Begin the Cross-Validation

## Load in data and required EBEN and parEBEN packages
library(EBEN)
library(parEBEN)

## Create small sample matrix for testing
data(BASIS)
data(y)
n = 50
k = 100
BASIS = BASIS[1:n,1:k]
y  = y[1:n]

parEBENcv <- CrossValidate(BASIS,
                           y,
                           nFolds = 3,
                           Epis = "no",
                           prior = "gaussian",
                           search = "global"
                           )

## Use the optimal values in the EBEN model
EBENoutput <- EBelasticNet.Gaussian(BASIS,
                                    y,
                                    lambda = parEBENcv$lambda.optimal,
                                    alpha = parEBENcv$alpha.optimal,
                                    Epis = "no",
                                    verbose = 1)

To Do List

  • Binomial prior cross-validation script with doParallel.
  • Gaussian prior cross-validation script with doParallel.
  • Binomial prior cross-validation script with doMPI.
  • Gaussian prior cross-validation script with doMPI.
  • Binomial prior cross-validation script with Microsoft ML Server (RevoScaleR/doRSR).
  • Gaussian prior cross-validation script with Microsoft ML Server (RevoScaleR/doRSR).
  • Binomial prior cross-validation script with SparkR.
  • Gaussian prior cross-validation script with SparkR.
  • Binomial prior cross-validation script with CUDA.
  • Gaussian prior cross-validation script with CUDA.
  • Manual File/Usage Instructions.

Publication and How To Cite

Publication: https://academic.oup.com/bioinformatics/advance-article-abstract/doi/10.1093/bioinformatics/btaa216/5813727

Data and materials used in publication can be found here.

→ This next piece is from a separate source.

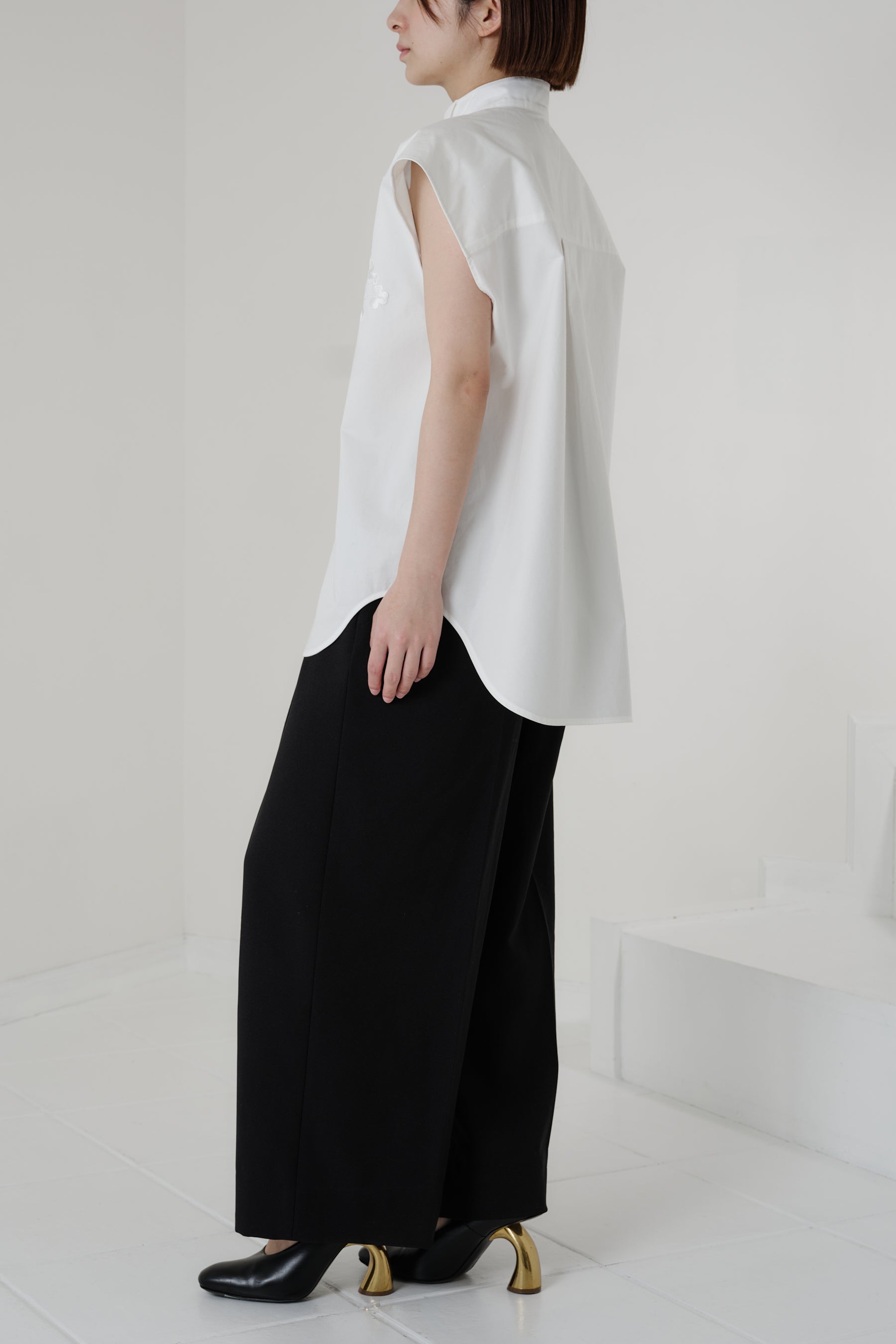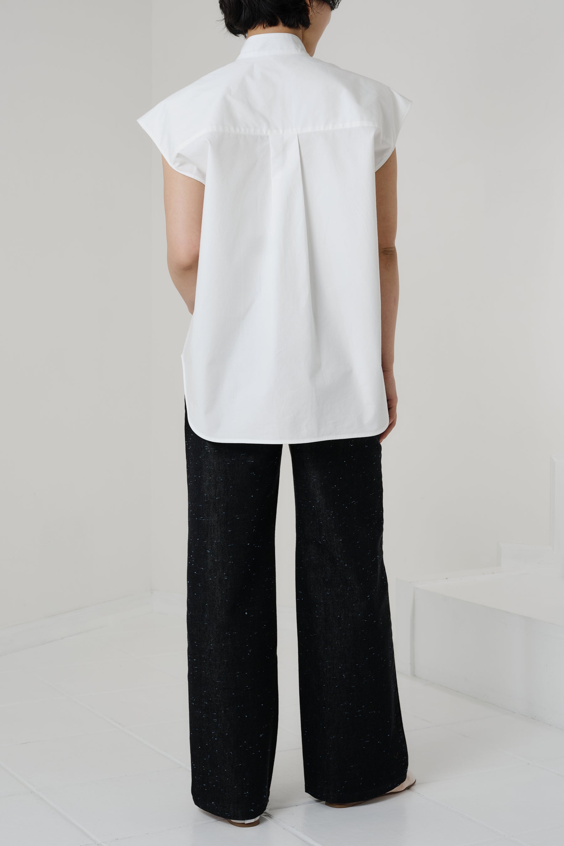 構築的なショルダーラインもこのシャツの特徴のひとつ。取り外し可能なショルダーパッドにより、シルエットの変化もお楽しみいただけます。

Jia Wen, Colby T Ford, Daniel Janies, Xinghua Shi, A Parallelized Strategy for Epistasis Analysis Based on Empirical Bayesian Elastic Net Models, Bioinformatics, , btaa216, https://doi.org/10.1093/bioinformatics/btaa216

or using BibTeX...

@article{10.1093/bioinformatics/btaa216,
    author = {Wen, Jia and Ford, Colby T and Janies, Daniel and Shi, Xinghua},
    title = "{A Parallelized Strategy for Epistasis Analysis Based on Empirical Bayesian Elastic Net Models}",
    journal = {Bioinformatics},
    year = {2020},
    month = {03},
    issn = {1367-4803},
    doi = {10.1093/bioinformatics/btaa216},
    url = {https://doi.org/10.1093/bioinformatics/btaa216},
    note = {btaa216},
    eprint = {https://academic.oup.com/bioinformatics/advance-article-pdf/doi/10.1093/bioinformatics/btaa216/32981158/btaa216.pdf},
}

License

This project is licensed under the Apache 2.0 License - see the LICENSE file for details

Funding

This project was funded in part by NIH R15HG009565.